#### Exercise directions
Please write out exactly the lines from the one with "Gucci Tiger Head" through the end of the data below, both ends included, and omit any pictures.

*** Opening Data for review ***

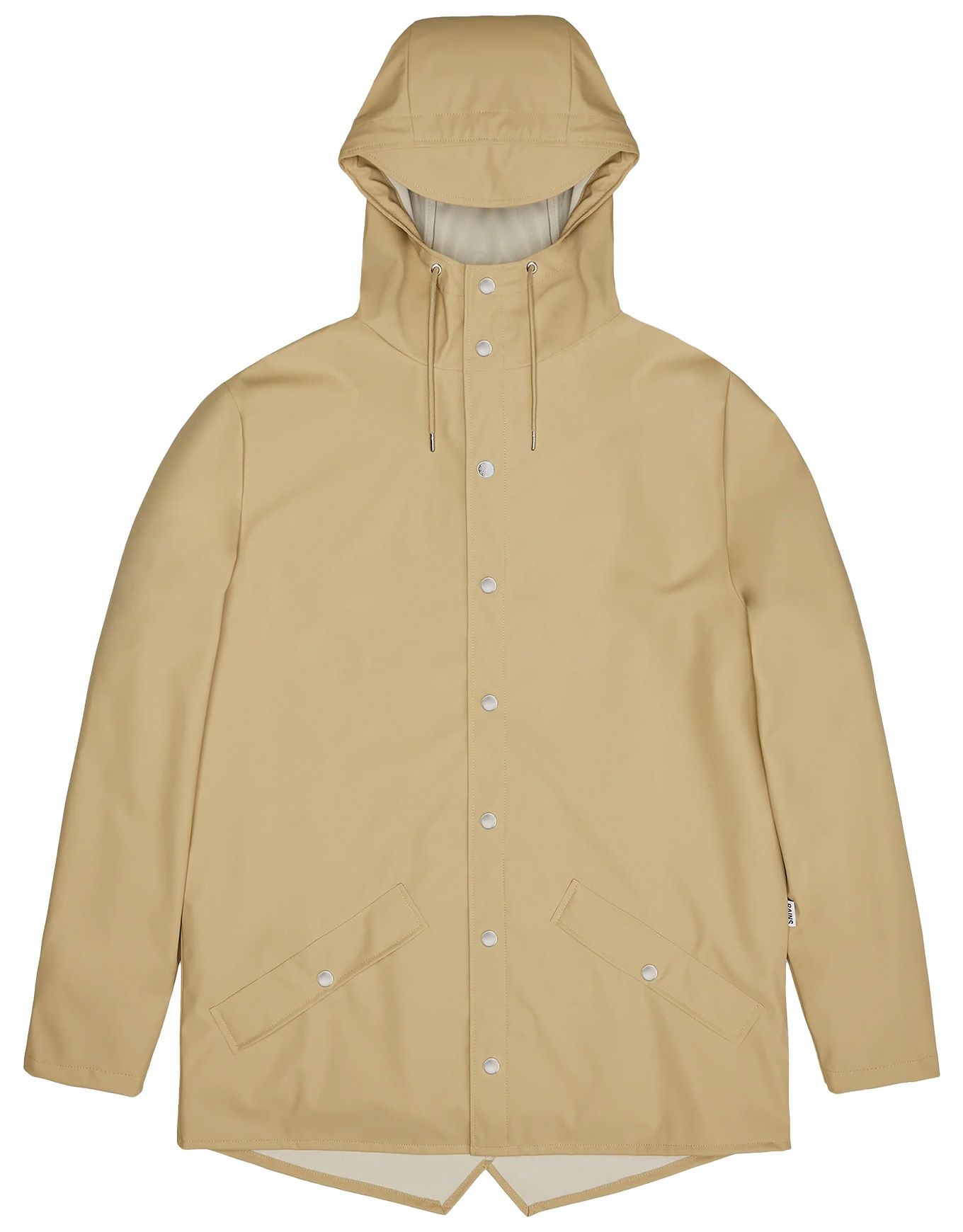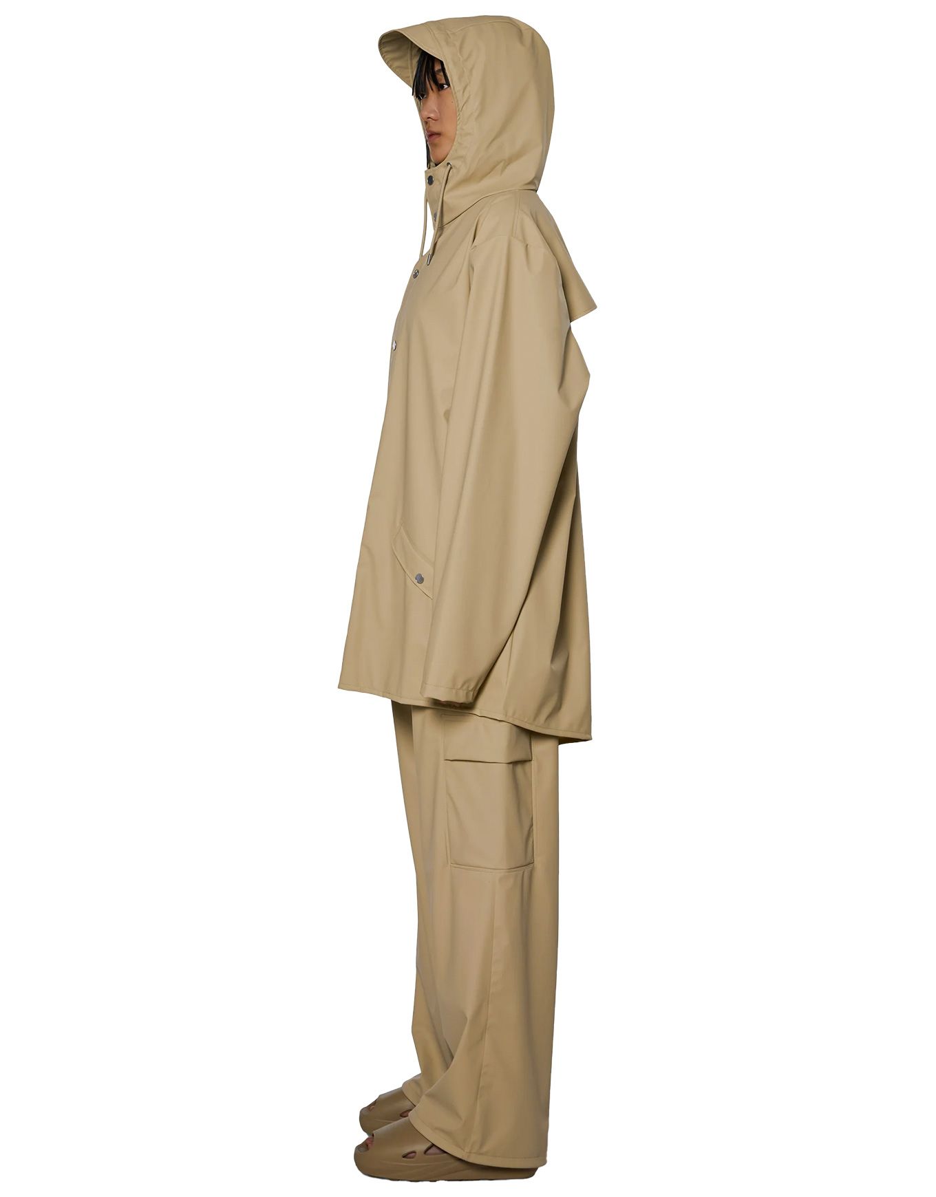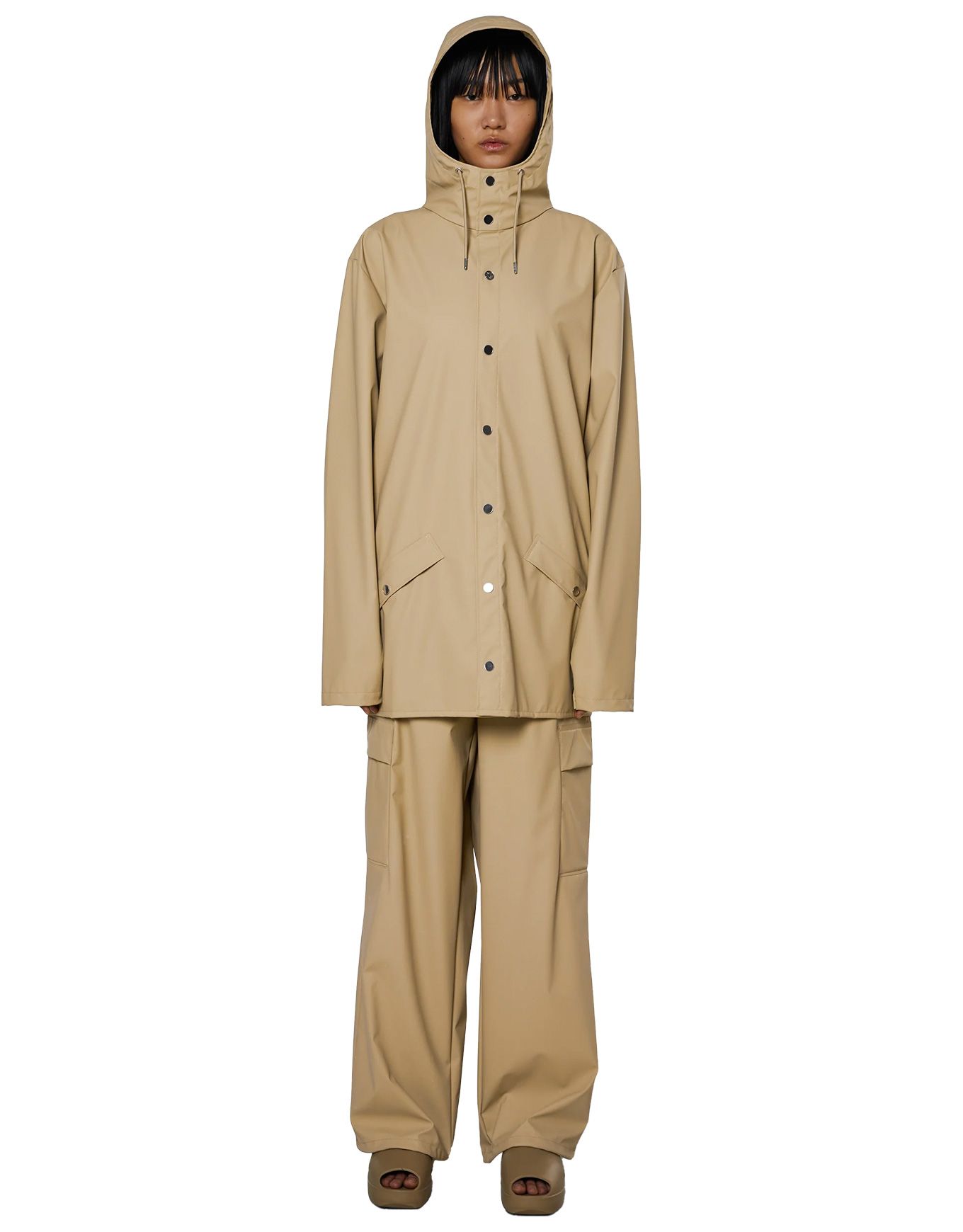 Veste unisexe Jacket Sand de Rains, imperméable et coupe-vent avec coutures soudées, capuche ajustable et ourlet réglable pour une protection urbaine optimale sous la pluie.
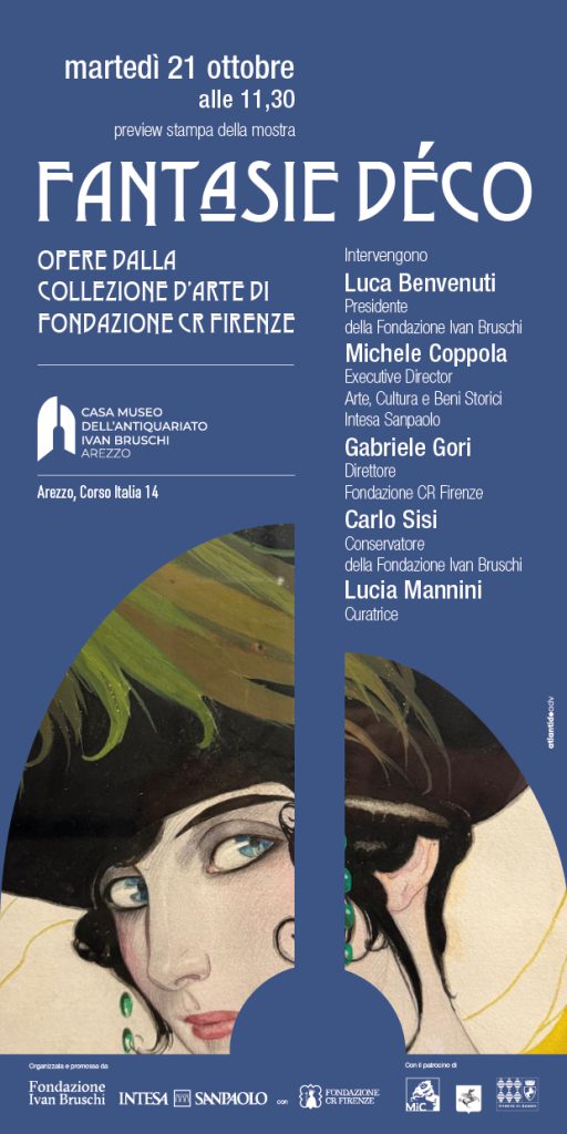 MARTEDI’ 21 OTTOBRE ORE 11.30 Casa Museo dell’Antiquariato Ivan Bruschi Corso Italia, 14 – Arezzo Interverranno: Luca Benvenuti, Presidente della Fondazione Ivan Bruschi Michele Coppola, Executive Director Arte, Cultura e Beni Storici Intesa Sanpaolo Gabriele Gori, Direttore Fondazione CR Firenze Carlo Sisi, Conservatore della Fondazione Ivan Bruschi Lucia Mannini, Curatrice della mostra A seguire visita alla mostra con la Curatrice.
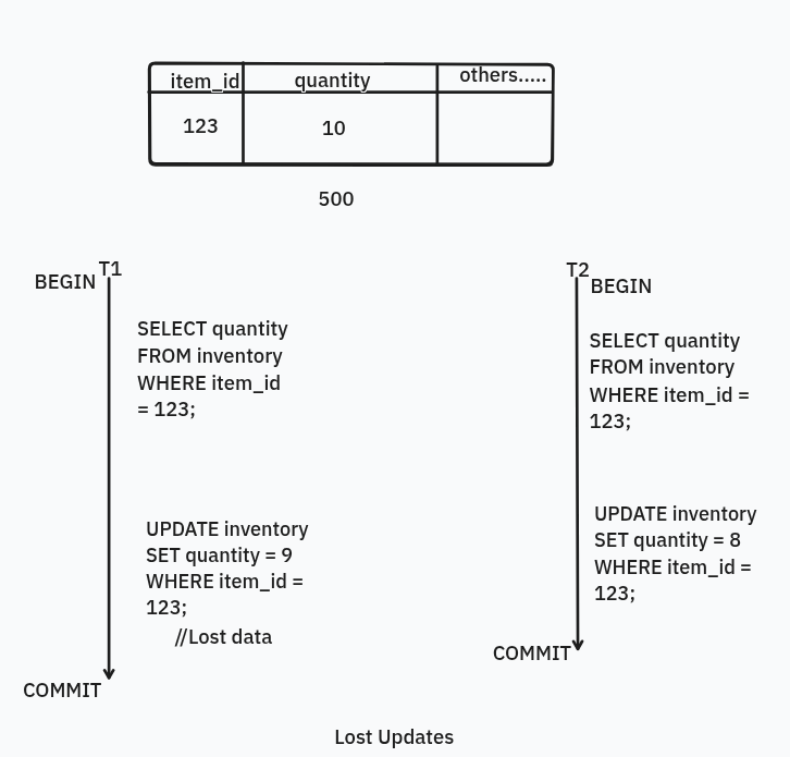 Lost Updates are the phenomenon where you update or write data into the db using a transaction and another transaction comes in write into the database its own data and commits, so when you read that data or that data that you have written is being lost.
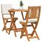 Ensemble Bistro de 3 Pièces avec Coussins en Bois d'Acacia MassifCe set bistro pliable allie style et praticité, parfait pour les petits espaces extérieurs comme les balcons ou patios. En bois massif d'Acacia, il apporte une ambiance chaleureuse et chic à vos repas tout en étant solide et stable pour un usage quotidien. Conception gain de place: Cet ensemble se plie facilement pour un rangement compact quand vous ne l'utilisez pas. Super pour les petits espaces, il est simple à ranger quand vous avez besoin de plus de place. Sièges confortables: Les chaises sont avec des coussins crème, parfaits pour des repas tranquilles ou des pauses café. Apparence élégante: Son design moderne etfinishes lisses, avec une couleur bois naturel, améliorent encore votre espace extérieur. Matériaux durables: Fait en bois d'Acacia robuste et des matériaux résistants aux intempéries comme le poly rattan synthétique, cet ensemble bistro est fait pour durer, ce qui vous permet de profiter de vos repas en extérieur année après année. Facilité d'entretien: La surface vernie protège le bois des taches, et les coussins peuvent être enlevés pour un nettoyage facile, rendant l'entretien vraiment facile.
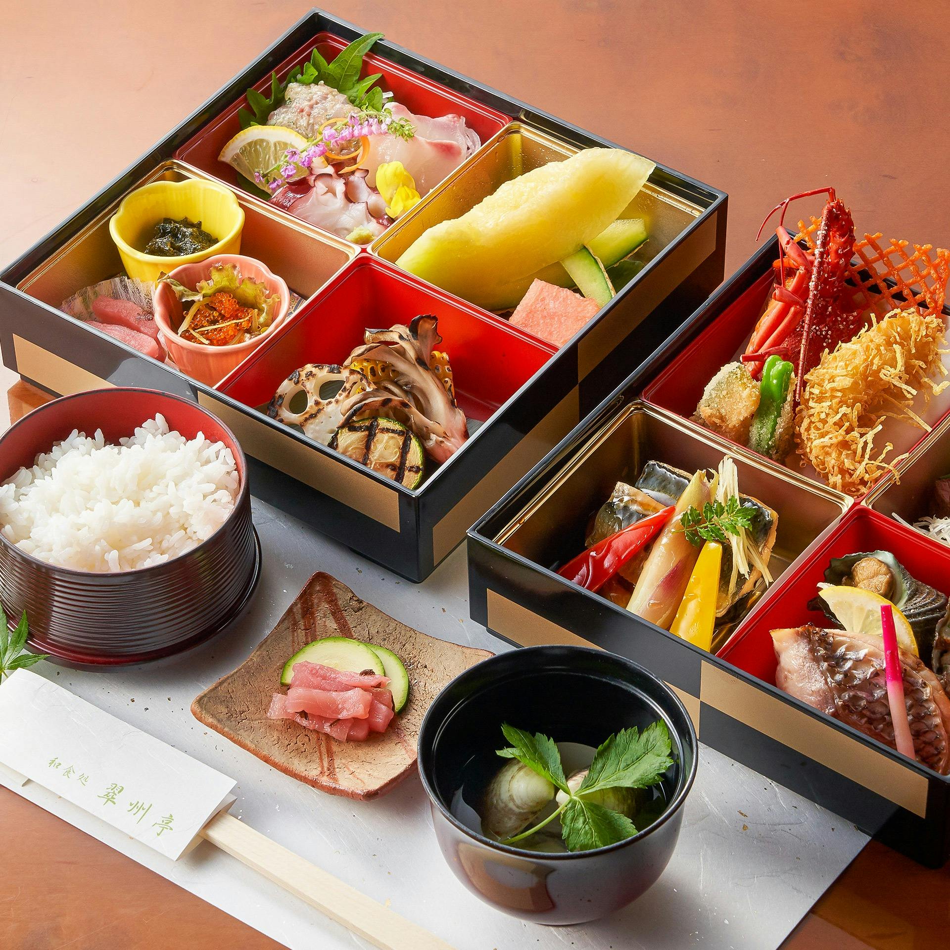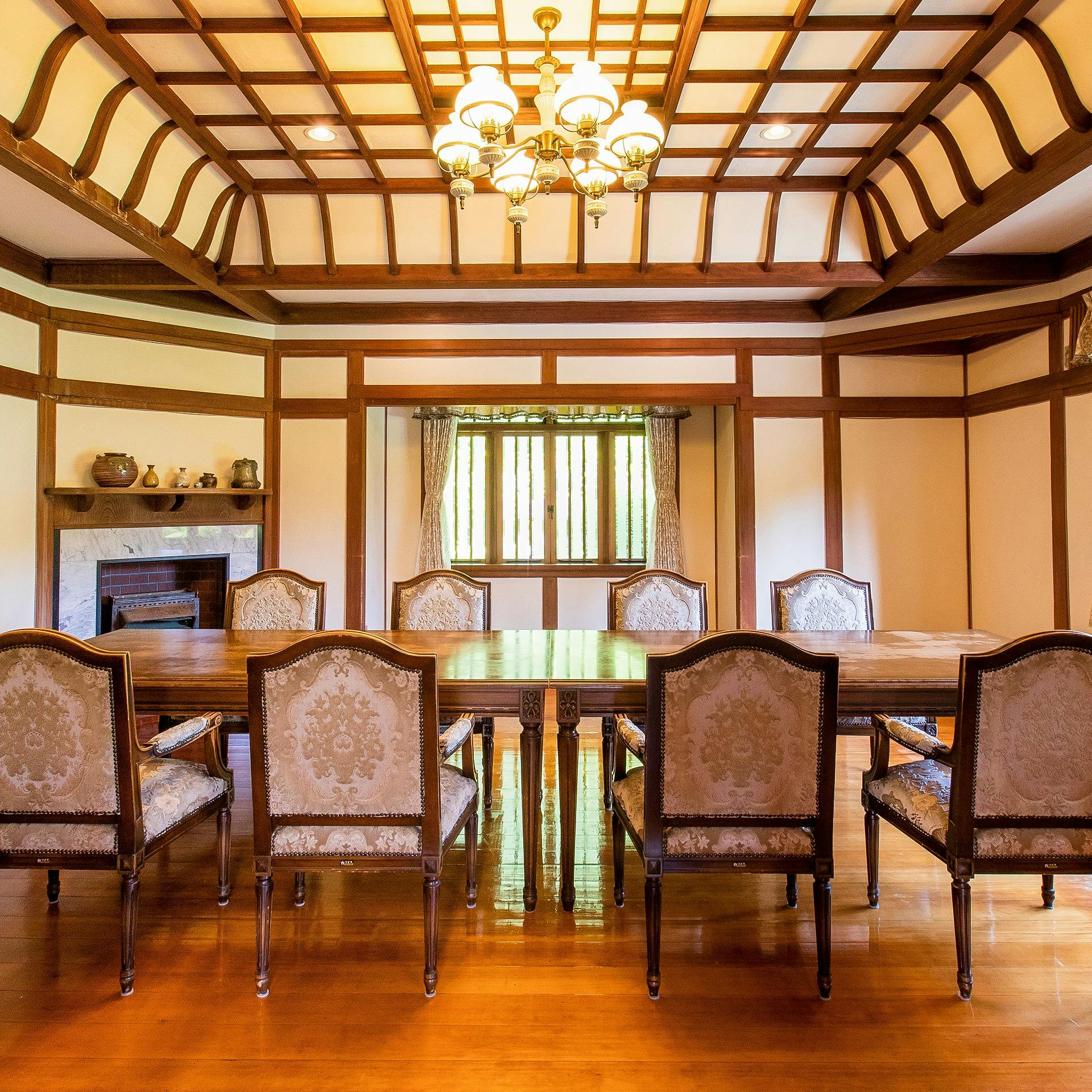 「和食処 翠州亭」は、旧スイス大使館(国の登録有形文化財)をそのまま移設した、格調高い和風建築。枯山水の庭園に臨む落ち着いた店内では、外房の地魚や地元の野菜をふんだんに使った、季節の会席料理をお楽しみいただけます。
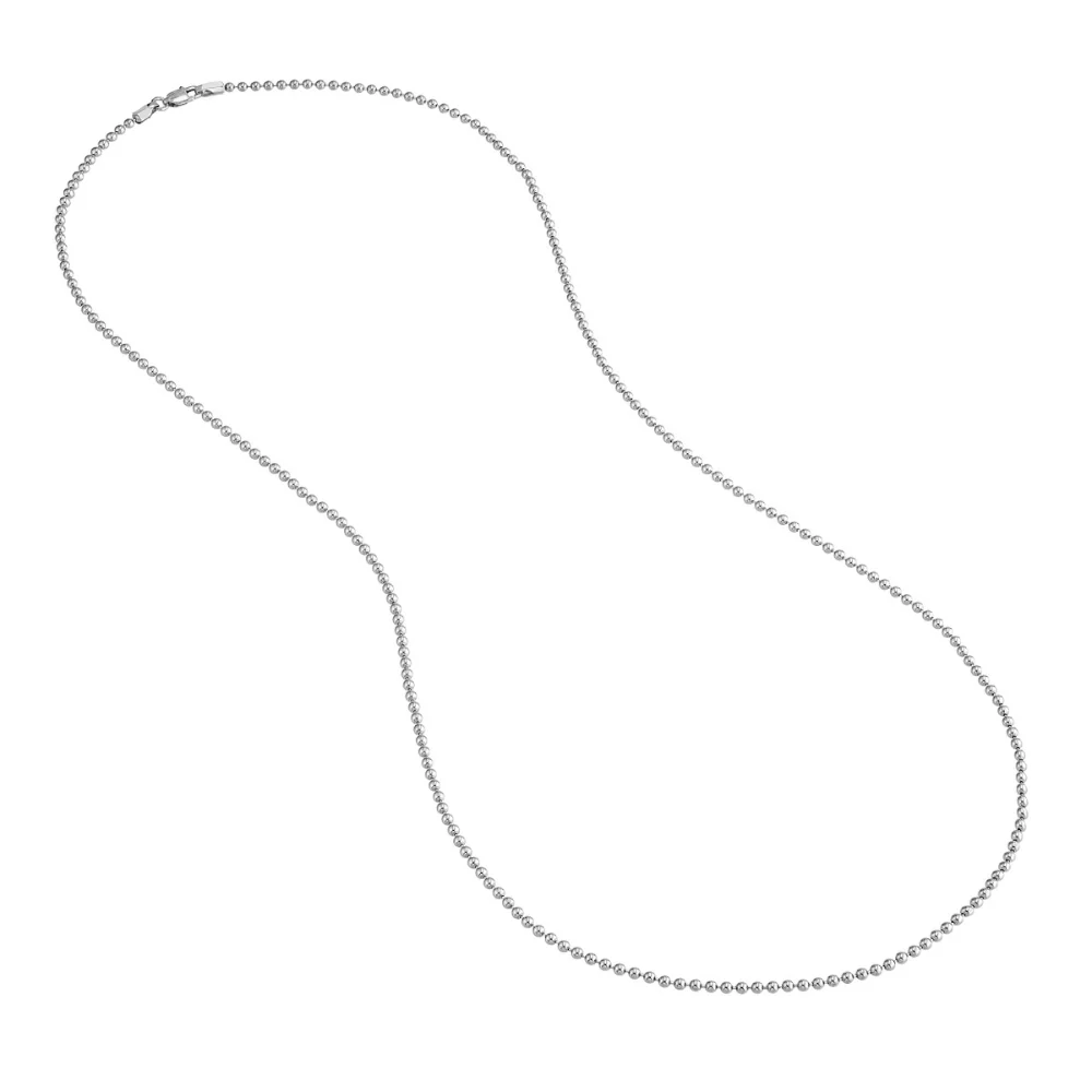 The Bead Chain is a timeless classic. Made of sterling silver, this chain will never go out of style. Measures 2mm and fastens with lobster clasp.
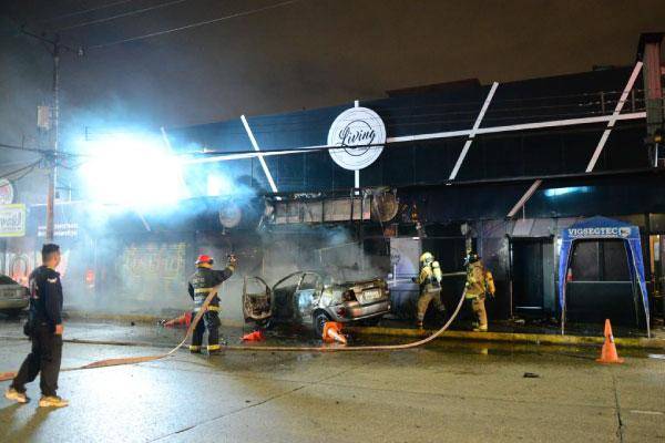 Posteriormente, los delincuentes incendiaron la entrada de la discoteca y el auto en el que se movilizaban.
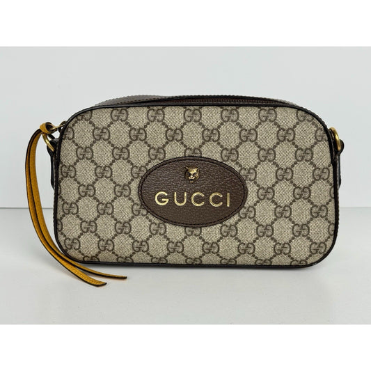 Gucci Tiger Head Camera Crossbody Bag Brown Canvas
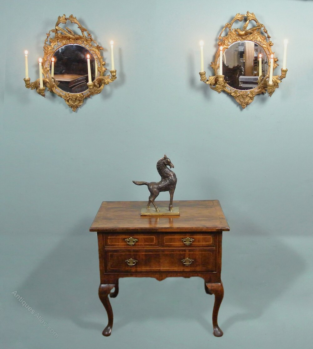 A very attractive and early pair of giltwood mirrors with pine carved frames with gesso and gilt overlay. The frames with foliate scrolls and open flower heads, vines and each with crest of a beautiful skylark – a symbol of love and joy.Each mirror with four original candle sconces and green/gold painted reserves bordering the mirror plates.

*** Closing Data for review ***

#### Response to this exercise
 Gucci Tiger Head Camera Crossbody Bag Brown Canvas
 A very attractive and early pair of giltwood mirrors with pine carved frames with gesso and gilt overlay. The frames with foliate scrolls and open flower heads, vines and each with crest of a beautiful skylark – a symbol of love and joy.Each mirror with four original candle sconces and green/gold painted reserves bordering the mirror plates.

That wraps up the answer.